Cuando George Bush se prepara para visitar cinco países de América latina desde el jueves a la noche, su gobierno sufre nuevas complicaciones. Pese a los esfuerzos militares para estabilizar Irak, la violencia allí no cede. Terroristas sunnitas atacaron ayer a fieles chiitas, agudizando la guerra civil confesional. Además, un alto funcionario de la Casa Blanca fue encontrado culpable de haber obstruido a la Justicia en un caso por la filtración a la prensa del nombre de una espía de la CIA. Este juicio recordó a los estadounidenses las polémicas que rodearon la invasión a Irak, con las nunca probadas acusaciones de que Saddam Hussein tenía armas de destrucción masiva.

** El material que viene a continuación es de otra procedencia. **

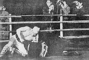 Kyokushinkaikan founder Masutatsu Oyama fighting a bull at the Denen Coliseum in 1956.

Soldados iraquíes inspeccionan el cadáver de uno de los terroristas suicidas que se inmolaron ayer en medio de una peregrinación de fieles chiitas.
Bagdad (EFE, AFP, Reuters, ANSA) - Más de 130 personas perecieron ayer en Irak, la mayoría en atentados terroristas contra peregrinos chiitas que viajaban a la ciudad santa de Kerbala para participar el sábado de una celebración religiosa, en una de las jornadas más cruentas desde marzo de 2003, cuando EE.UU. invadió el país.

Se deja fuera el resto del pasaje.